Exercise brief: When you copy the records, keep every word exact and leave the pictures out.

#### Given records

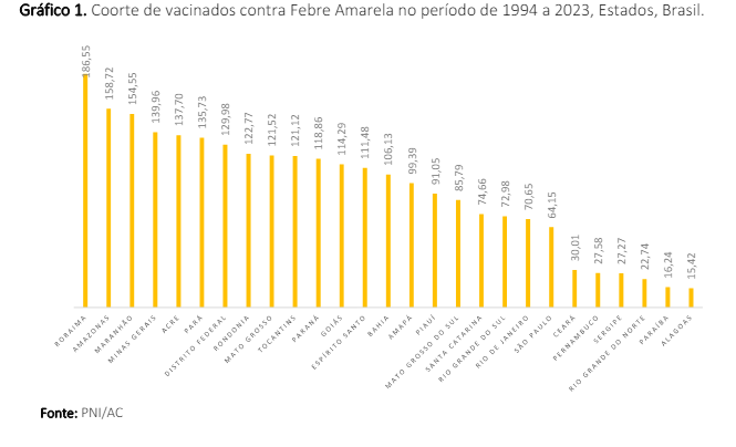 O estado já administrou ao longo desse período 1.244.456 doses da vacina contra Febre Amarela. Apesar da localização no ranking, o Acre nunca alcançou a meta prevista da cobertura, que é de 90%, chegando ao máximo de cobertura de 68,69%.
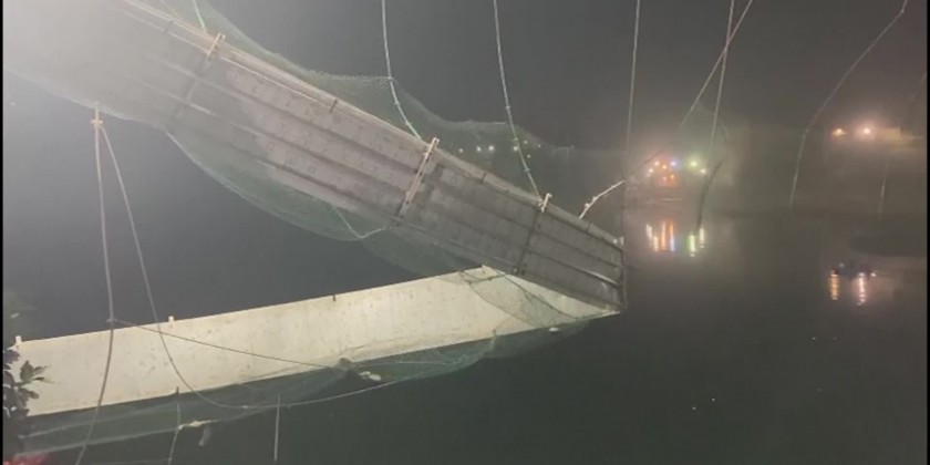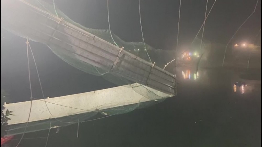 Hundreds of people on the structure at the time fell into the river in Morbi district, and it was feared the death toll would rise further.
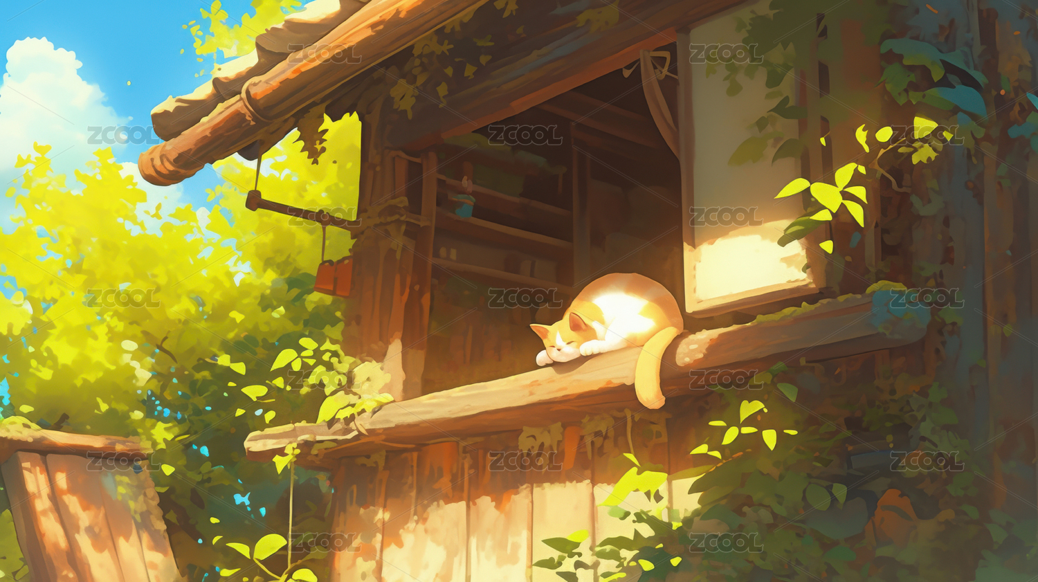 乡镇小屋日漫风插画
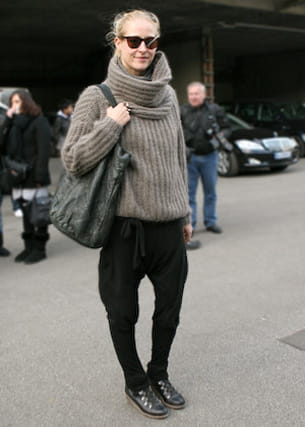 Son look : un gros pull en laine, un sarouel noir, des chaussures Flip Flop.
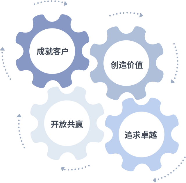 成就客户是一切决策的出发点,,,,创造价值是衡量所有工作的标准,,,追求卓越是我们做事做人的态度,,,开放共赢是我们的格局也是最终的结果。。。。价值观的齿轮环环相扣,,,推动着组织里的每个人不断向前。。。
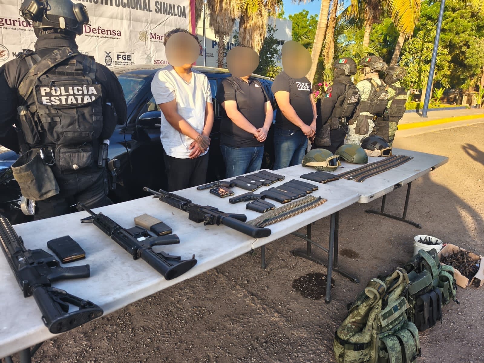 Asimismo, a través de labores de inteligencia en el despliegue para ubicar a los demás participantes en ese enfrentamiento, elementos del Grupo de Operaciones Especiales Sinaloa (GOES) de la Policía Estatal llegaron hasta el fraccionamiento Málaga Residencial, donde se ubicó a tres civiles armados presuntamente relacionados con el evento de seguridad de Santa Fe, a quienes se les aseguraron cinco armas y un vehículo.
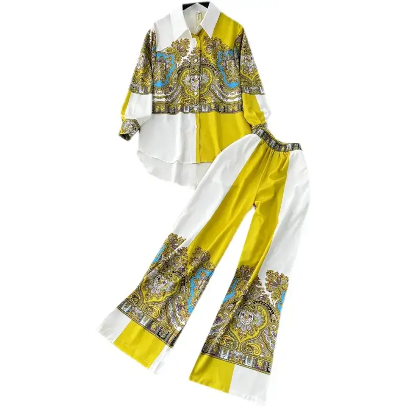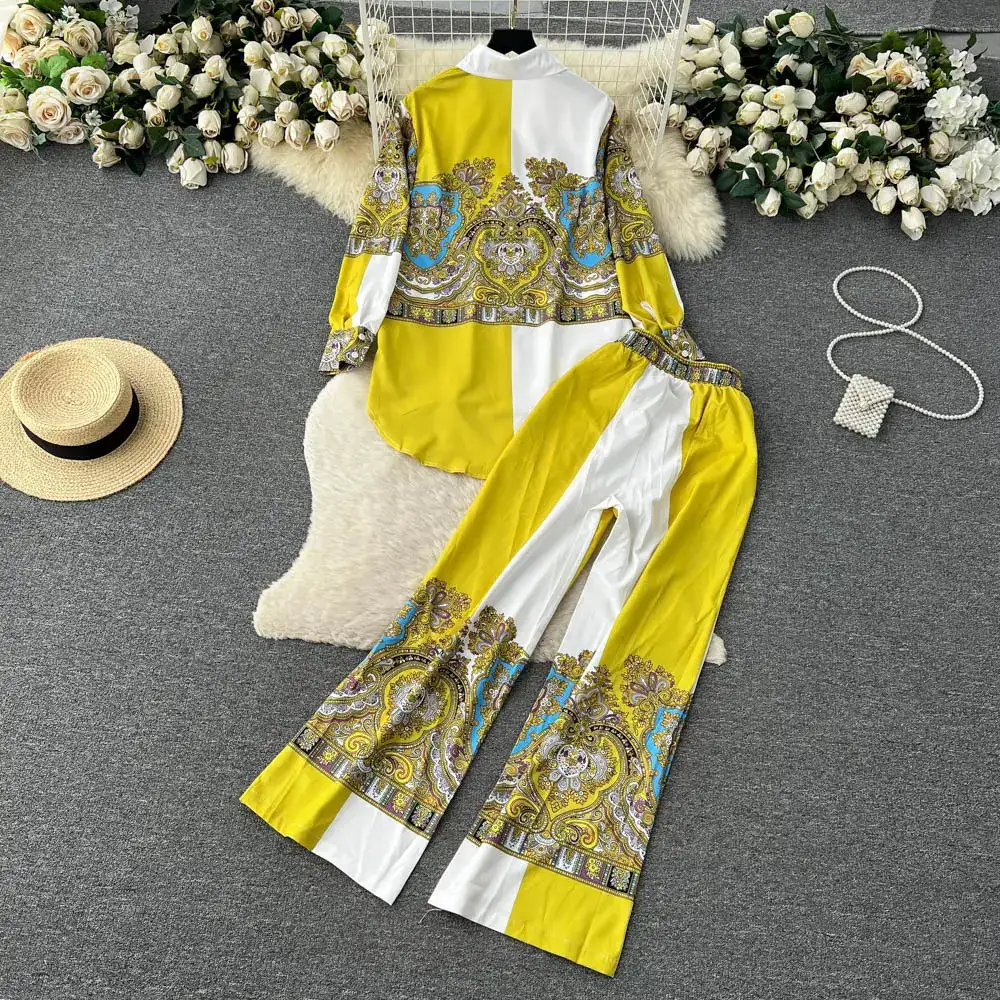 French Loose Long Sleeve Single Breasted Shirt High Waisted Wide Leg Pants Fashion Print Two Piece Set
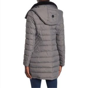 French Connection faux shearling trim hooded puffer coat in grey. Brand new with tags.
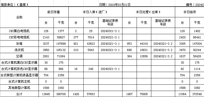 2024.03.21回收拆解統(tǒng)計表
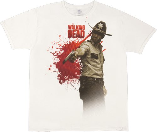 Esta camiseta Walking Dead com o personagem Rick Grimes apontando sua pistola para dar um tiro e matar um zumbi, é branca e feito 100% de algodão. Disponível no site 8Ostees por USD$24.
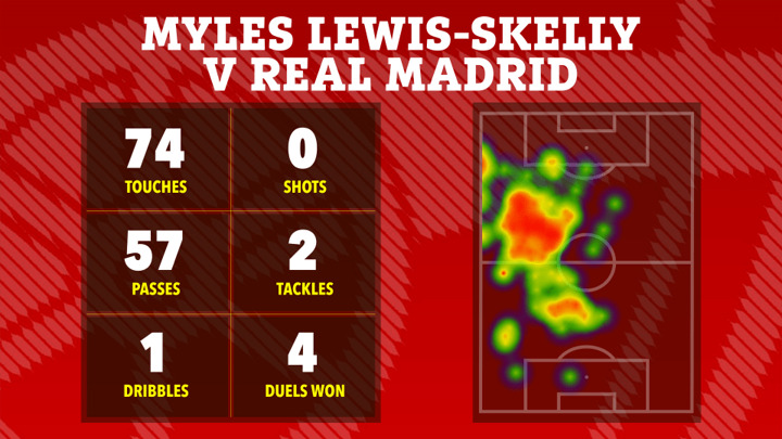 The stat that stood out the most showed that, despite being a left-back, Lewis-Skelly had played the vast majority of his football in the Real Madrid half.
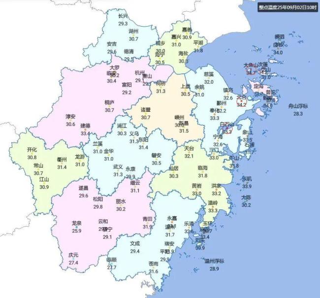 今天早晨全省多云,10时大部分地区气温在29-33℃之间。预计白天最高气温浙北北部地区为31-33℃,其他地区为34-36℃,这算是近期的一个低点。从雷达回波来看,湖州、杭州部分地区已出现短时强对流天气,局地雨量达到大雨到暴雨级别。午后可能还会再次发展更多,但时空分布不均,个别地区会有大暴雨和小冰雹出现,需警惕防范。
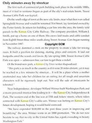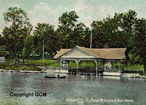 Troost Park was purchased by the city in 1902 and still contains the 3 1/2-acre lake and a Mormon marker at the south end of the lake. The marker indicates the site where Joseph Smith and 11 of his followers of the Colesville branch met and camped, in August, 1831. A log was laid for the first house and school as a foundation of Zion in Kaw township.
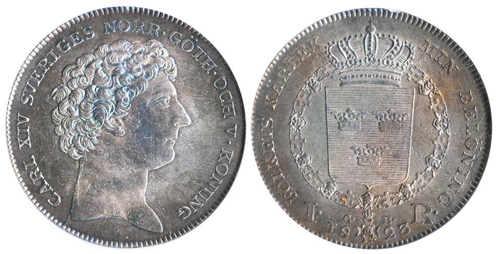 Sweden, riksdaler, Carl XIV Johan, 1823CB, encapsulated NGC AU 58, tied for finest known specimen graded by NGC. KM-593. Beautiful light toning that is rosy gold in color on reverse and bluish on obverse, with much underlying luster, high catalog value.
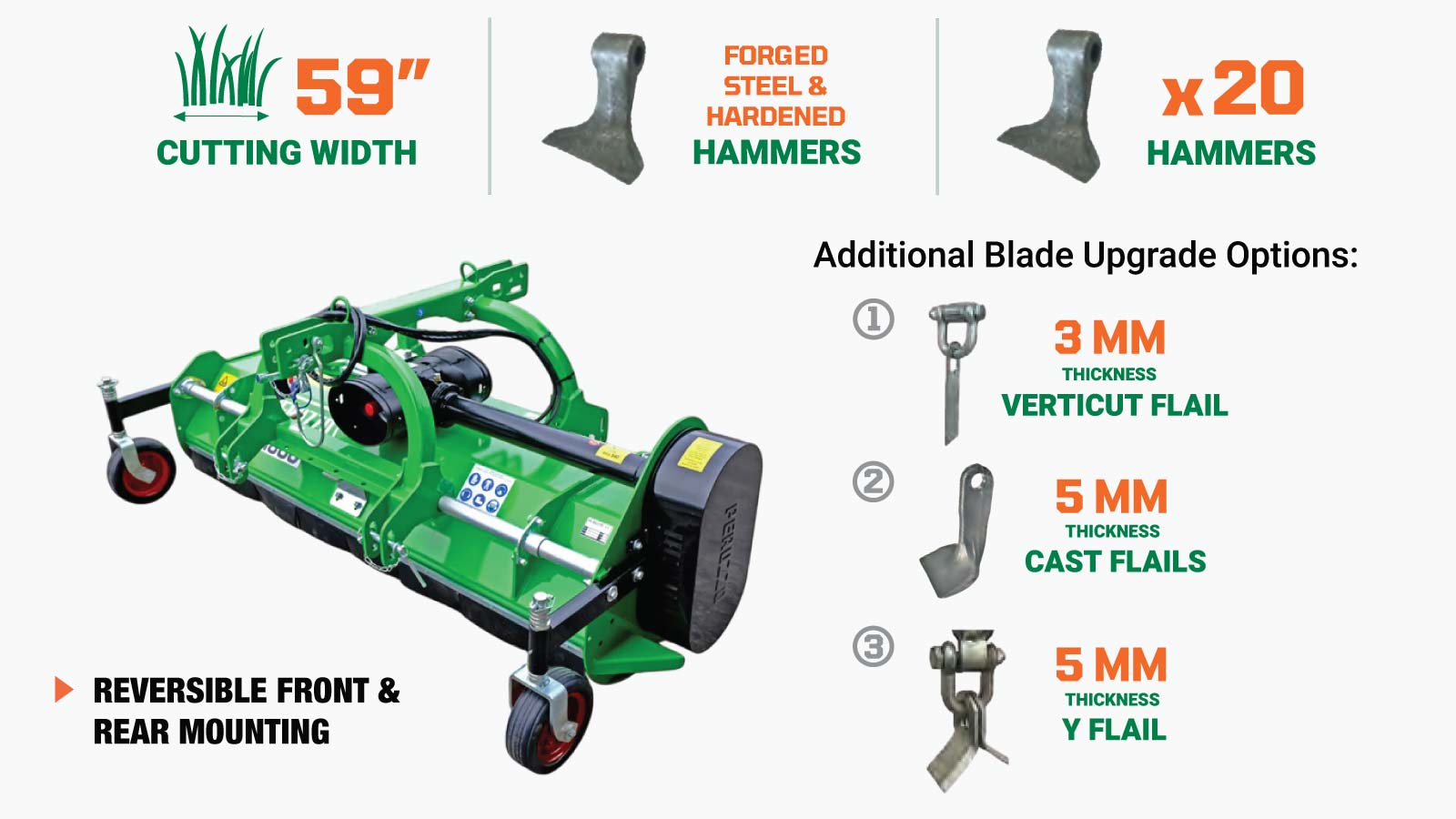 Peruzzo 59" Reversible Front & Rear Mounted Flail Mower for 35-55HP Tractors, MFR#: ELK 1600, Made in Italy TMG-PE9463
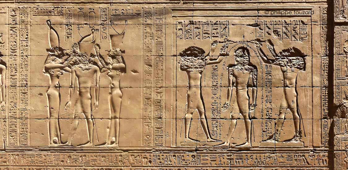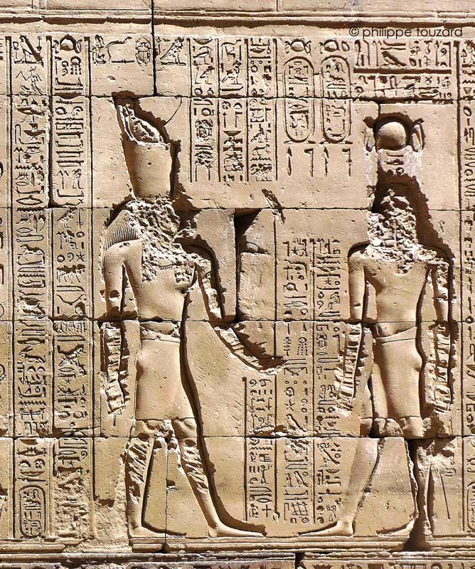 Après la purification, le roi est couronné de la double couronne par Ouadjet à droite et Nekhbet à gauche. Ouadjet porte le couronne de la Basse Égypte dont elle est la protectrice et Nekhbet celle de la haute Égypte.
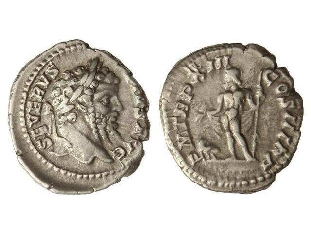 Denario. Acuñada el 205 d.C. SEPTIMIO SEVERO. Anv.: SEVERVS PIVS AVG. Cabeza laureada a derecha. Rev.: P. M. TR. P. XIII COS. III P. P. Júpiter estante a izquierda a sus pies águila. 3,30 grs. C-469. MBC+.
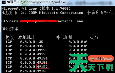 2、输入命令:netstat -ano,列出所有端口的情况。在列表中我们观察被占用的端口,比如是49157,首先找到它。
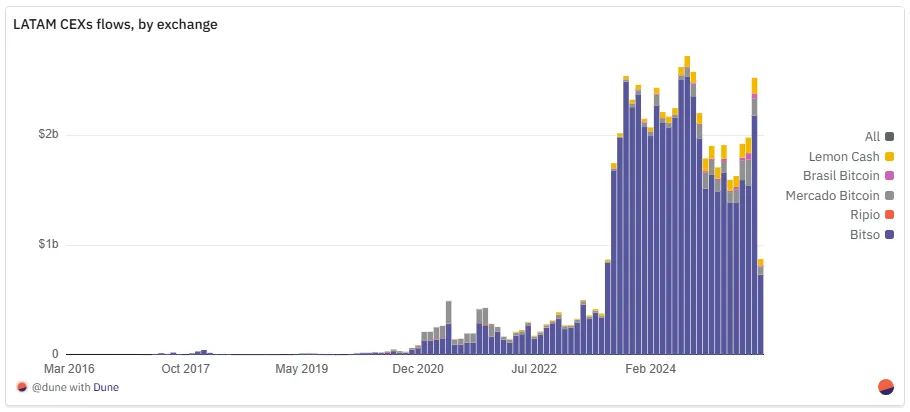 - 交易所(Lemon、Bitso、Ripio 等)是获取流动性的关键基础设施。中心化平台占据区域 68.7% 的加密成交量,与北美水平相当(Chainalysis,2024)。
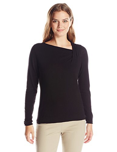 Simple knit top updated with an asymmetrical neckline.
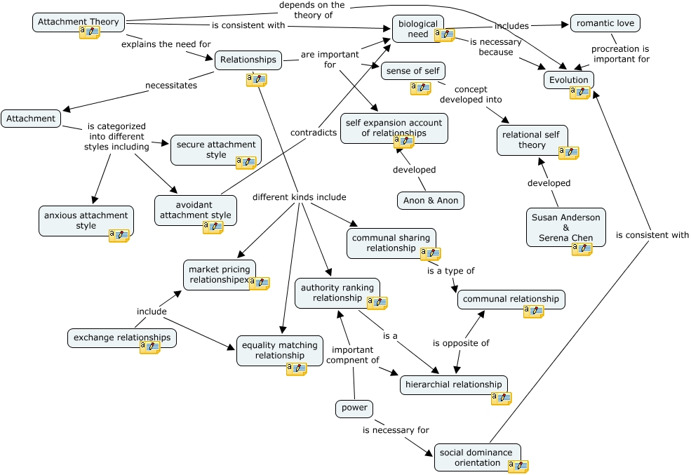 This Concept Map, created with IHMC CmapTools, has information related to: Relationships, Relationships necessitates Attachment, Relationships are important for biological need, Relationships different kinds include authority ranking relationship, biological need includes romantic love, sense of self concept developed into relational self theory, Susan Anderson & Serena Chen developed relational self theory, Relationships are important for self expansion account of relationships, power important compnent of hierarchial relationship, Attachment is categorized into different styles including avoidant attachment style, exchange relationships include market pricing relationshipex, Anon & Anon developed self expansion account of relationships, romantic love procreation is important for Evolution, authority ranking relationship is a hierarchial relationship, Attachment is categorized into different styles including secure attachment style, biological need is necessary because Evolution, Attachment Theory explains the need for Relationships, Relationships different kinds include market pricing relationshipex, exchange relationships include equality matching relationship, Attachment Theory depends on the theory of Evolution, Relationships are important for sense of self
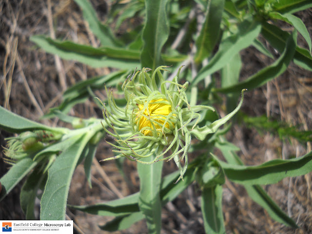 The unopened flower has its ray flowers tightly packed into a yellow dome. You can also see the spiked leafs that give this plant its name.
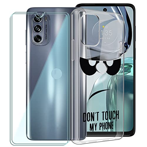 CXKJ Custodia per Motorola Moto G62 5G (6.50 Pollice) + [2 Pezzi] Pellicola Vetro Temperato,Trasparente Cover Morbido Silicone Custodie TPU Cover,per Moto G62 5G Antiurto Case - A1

########

Solution for this problem:
 O estado já administrou ao longo desse período 1.244.456 doses da vacina contra Febre Amarela. Apesar da localização no ranking, o Acre nunca alcançou a meta prevista da cobertura, que é de 90%, chegando ao máximo de cobertura de 68,69%.
 Hundreds of people on the structure at the time fell into the river in Morbi district, and it was feared the death toll would rise further.
 乡镇小屋日漫风插画
 Son look : un gros pull en laine, un sarouel noir, des chaussures Flip Flop.
 成就客户是一切决策的出发点,,,,创造价值是衡量所有工作的标准,,,追求卓越是我们做事做人的态度,,,开放共赢是我们的格局也是最终的结果。。。。价值观的齿轮环环相扣,,,推动着组织里的每个人不断向前。。。
 Asimismo, a través de labores de inteligencia en el despliegue para ubicar a los demás participantes en ese enfrentamiento, elementos del Grupo de Operaciones Especiales Sinaloa (GOES) de la Policía Estatal llegaron hasta el fraccionamiento Málaga Residencial, donde se ubicó a tres civiles armados presuntamente relacionados con el evento de seguridad de Santa Fe, a quienes se les aseguraron cinco armas y un vehículo.
 French Loose Long Sleeve Single Breasted Shirt High Waisted Wide Leg Pants Fashion Print Two Piece Set
 French Connection faux shearling trim hooded puffer coat in grey. Brand new with tags.
 2024.03.21回收拆解統(tǒng)計表
 Esta camiseta Walking Dead com o personagem Rick Grimes apontando sua pistola para dar um tiro e matar um zumbi, é branca e feito 100% de algodão. Disponível no site 8Ostees por USD$24.
 The stat that stood out the most showed that, despite being a left-back, Lewis-Skelly had played the vast majority of his football in the Real Madrid half.
 今天早晨全省多云,10时大部分地区气温在29-33℃之间。预计白天最高气温浙北北部地区为31-33℃,其他地区为34-36℃,这算是近期的一个低点。从雷达回波来看,湖州、杭州部分地区已出现短时强对流天气,局地雨量达到大雨到暴雨级别。午后可能还会再次发展更多,但时空分布不均,个别地区会有大暴雨和小冰雹出现,需警惕防范。
 Troost Park was purchased by the city in 1902 and still contains the 3 1/2-acre lake and a Mormon marker at the south end of the lake. The marker indicates the site where Joseph Smith and 11 of his followers of the Colesville branch met and camped, in August, 1831. A log was laid for the first house and school as a foundation of Zion in Kaw township.
 Sweden, riksdaler, Carl XIV Johan, 1823CB, encapsulated NGC AU 58, tied for finest known specimen graded by NGC. KM-593. Beautiful light toning that is rosy gold in color on reverse and bluish on obverse, with much underlying luster, high catalog value.
 Peruzzo 59" Reversible Front & Rear Mounted Flail Mower for 35-55HP Tractors, MFR#: ELK 1600, Made in Italy TMG-PE9463
 Après la purification, le roi est couronné de la double couronne par Ouadjet à droite et Nekhbet à gauche. Ouadjet porte le couronne de la Basse Égypte dont elle est la protectrice et Nekhbet celle de la haute Égypte.
 Denario. Acuñada el 205 d.C. SEPTIMIO SEVERO. Anv.: SEVERVS PIVS AVG. Cabeza laureada a derecha. Rev.: P. M. TR. P. XIII COS. III P. P. Júpiter estante a izquierda a sus pies águila. 3,30 grs. C-469. MBC+.
 2、输入命令:netstat -ano,列出所有端口的情况。在列表中我们观察被占用的端口,比如是49157,首先找到它。
 - 交易所(Lemon、Bitso、Ripio 等)是获取流动性的关键基础设施。中心化平台占据区域 68.7% 的加密成交量,与北美水平相当(Chainalysis,2024)。
 Simple knit top updated with an asymmetrical neckline.
 This Concept Map, created with IHMC CmapTools, has information related to: Relationships, Relationships necessitates Attachment, Relationships are important for biological need, Relationships different kinds include authority ranking relationship, biological need includes romantic love, sense of self concept developed into relational self theory, Susan Anderson & Serena Chen developed relational self theory, Relationships are important for self expansion account of relationships, power important compnent of hierarchial relationship, Attachment is categorized into different styles including avoidant attachment style, exchange relationships include market pricing relationshipex, Anon & Anon developed self expansion account of relationships, romantic love procreation is important for Evolution, authority ranking relationship is a hierarchial relationship, Attachment is categorized into different styles including secure attachment style, biological need is necessary because Evolution, Attachment Theory explains the need for Relationships, Relationships different kinds include market pricing relationshipex, exchange relationships include equality matching relationship, Attachment Theory depends on the theory of Evolution, Relationships are important for sense of self
 The unopened flower has its ray flowers tightly packed into a yellow dome. You can also see the spiked leafs that give this plant its name.
 CXKJ Custodia per Motorola Moto G62 5G (6.50 Pollice) + [2 Pezzi] Pellicola Vetro Temperato,Trasparente Cover Morbido Silicone Custodie TPU Cover,per Moto G62 5G Antiurto Case - A1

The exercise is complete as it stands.